As a San Diego graphic recorder, there is one event I love attending every year—The AIGA San Diego Y Conference. These are my people: designers, visual thinkers, illustrators. Now it its 24th year, AIGA San Diego invited 10 prolific designers to share how “Saying Yes” impacted their careers and lives.
Some of my favorites:
Patrick Shearn of Poetic Kinetics creates large scale interactive artworks and articulated the emotions of awe and wonder better than anyone I’ve heard.
Illustrator/author/artist/activist Lisa Congdon revealed how making things played a role in her personal evolution.
Anouk Wipprecht engineers dresses with robotic arms, censors, and lights. Cool to look at bu they look uncomfortable.

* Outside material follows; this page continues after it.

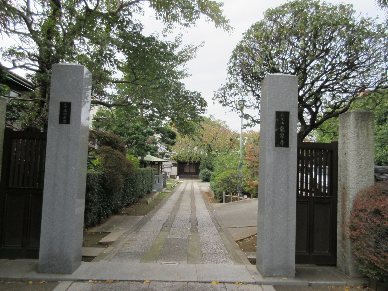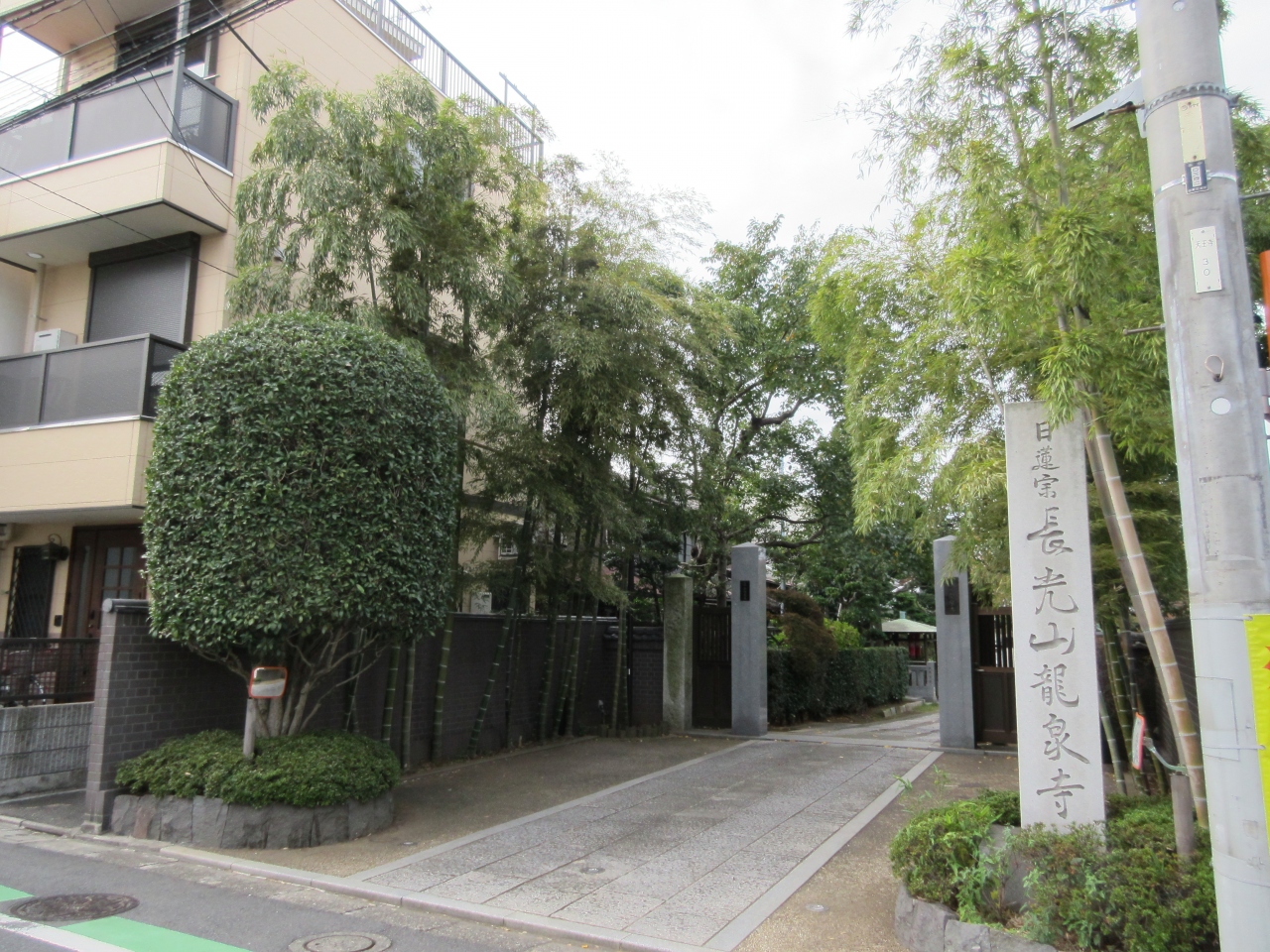 JR日暮里駅からすぐ、朝倉彫塑館のそばにある日蓮宗の寺院です。1622年に下谷に創建されたお寺で1709年のこの地に移転したそうです。境内には、本堂の他に供養塔、観世音菩薩の祀られています。静かに、厳かに佇んでいます。

Temi Coker, one of this year’s Adobe Residents, creates spirited photography and design. At lunch he talked about how he didn’t know what he would do after his residence—work for someone else or start his own thing.
Kareem Collie pondered the questions of design.
Roberto de Vicq shared his restaurant designs that are self-contained worlds of entertainment for customers.
The two founders of dkgn, high school friends, talked about making the great leap to founding their own studio and eventually becoming their own client.
Laura Pol, just recently left her job at Apple, shared her commitment to doing new things that scare her. (Like talking in public.)
Doug Powell of IBM talked about the benefits of the design thinking process embedded in a business culture.
Andrea Small talked about the ambiguity, doubt, and dead-ends she faced on her journey to stay true to herself.
The Y Design Conference was held in a smaller venue this year. The setting had more quiet places to sit which inspired longer conversations between attendees during breaks.